> Collected data entries
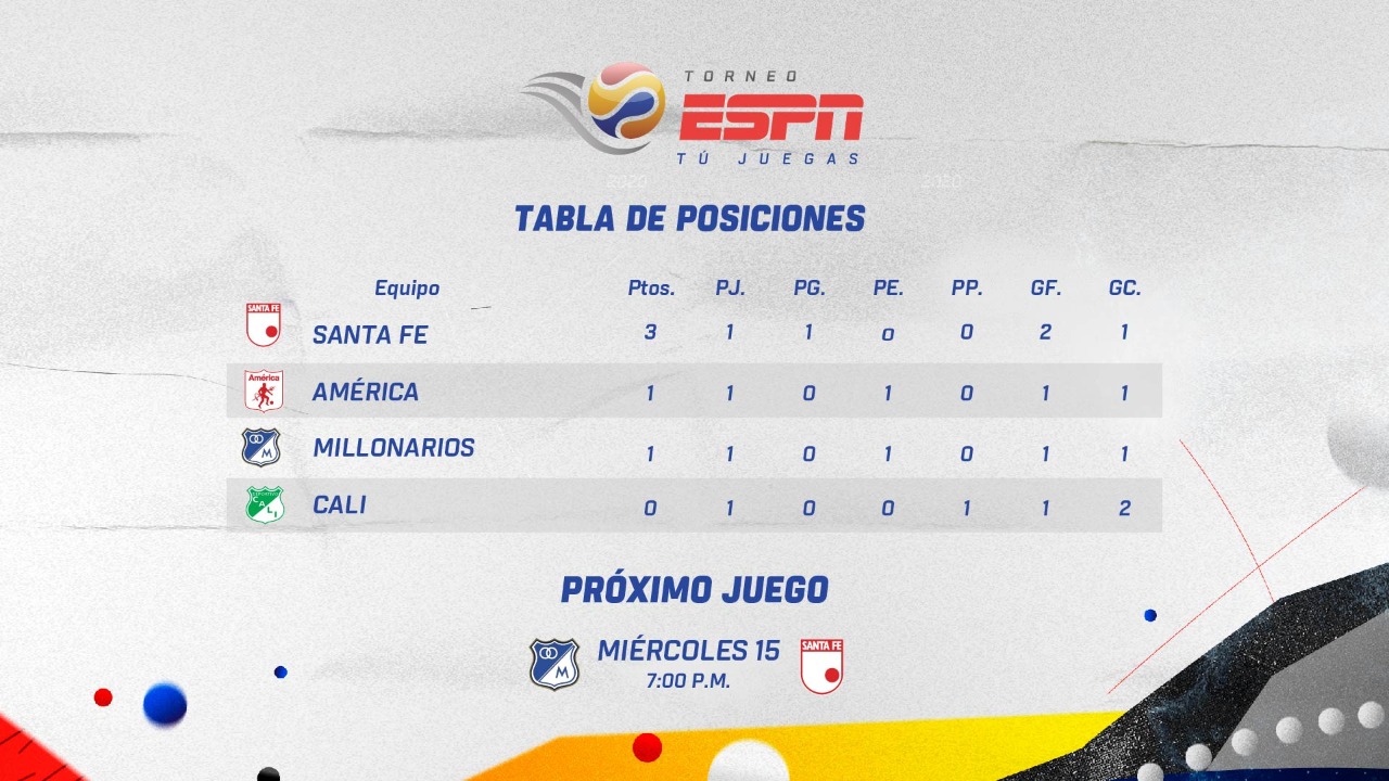 Santa Fe es líder parcial del torneo con 3 puntos, tras el empate de Millonarios y América 1-1 en la primera jornada del campeonato amistoso.
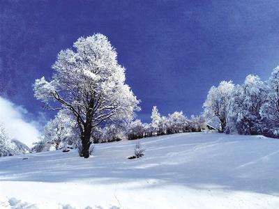 一路之上,随着车厢缓缓移动,满目四处流泻的银白,如海浪般翻滚。缀满了洁白雪花的苍松,覆盖着皑皑白雪的小木屋,高耸的缆车架及远处蓝蓝的天,与显露圣洁光辉的雪山构成一幅唯美的图案。呼吸着略带凛冽的新鲜空气,心旷神怡。
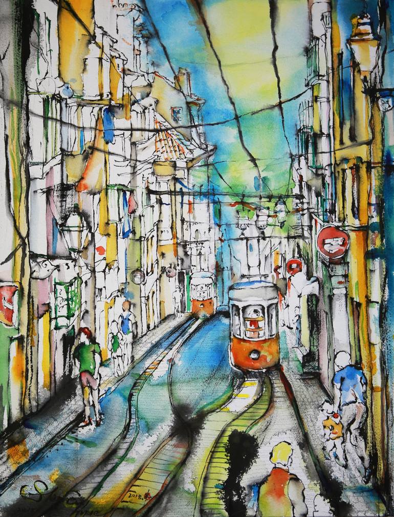The streets of Lisbon express the joy of travel with watercolor and ink on paper
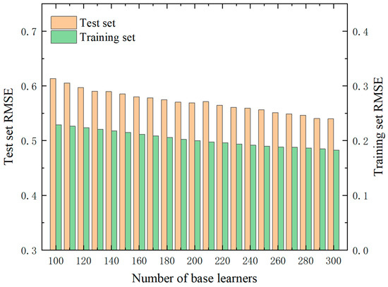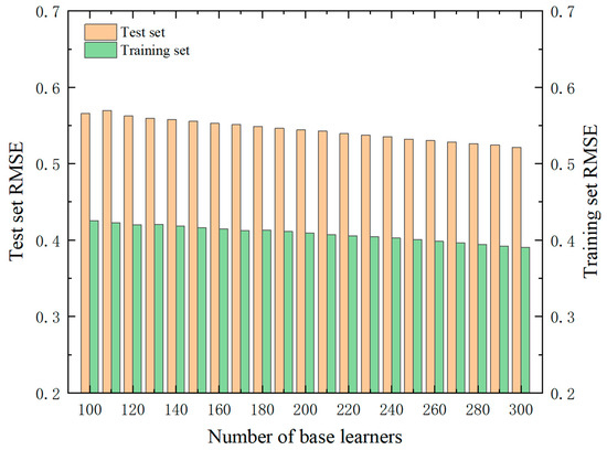 As illustrated in Figure 7, with the augmentation of the number of base learners, the overall RMSE of the test set exhibits an upward trend, accompanied by greater fluctuations, suggesting that the XGBoost model demonstrates a lower level of stability compared to the RF model; however, it exhibits a higher degree of overfitting. The existence of a more extensive optimization space, similar to the aforementioned Bayesian model optimization approach, is revealed.
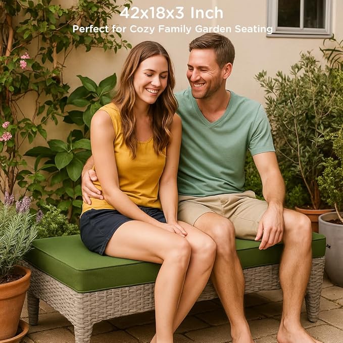 Codi Outdoor Bench Cushion 42 inch, Double Waterproof Patio Furniture Cushions Replacement for Swing, Porch, Couch, 42x18x3'', Green

> TASK PROMPT
The records above must be copied exactly, with no pictures carried over.

> EXERCISE RESPONSE
 Santa Fe es líder parcial del torneo con 3 puntos, tras el empate de Millonarios y América 1-1 en la primera jornada del campeonato amistoso.
 一路之上,随着车厢缓缓移动,满目四处流泻的银白,如海浪般翻滚。缀满了洁白雪花的苍松,覆盖着皑皑白雪的小木屋,高耸的缆车架及远处蓝蓝的天,与显露圣洁光辉的雪山构成一幅唯美的图案。呼吸着略带凛冽的新鲜空气,心旷神怡。
The streets of Lisbon express the joy of travel with watercolor and ink on paper
 As illustrated in Figure 7, with the augmentation of the number of base learners, the overall RMSE of the test set exhibits an upward trend, accompanied by greater fluctuations, suggesting that the XGBoost model demonstrates a lower level of stability compared to the RF model; however, it exhibits a higher degree of overfitting. The existence of a more extensive optimization space, similar to the aforementioned Bayesian model optimization approach, is revealed.
 Codi Outdoor Bench Cushion 42 inch, Double Waterproof Patio Furniture Cushions Replacement for Swing, Porch, Couch, 42x18x3'', Green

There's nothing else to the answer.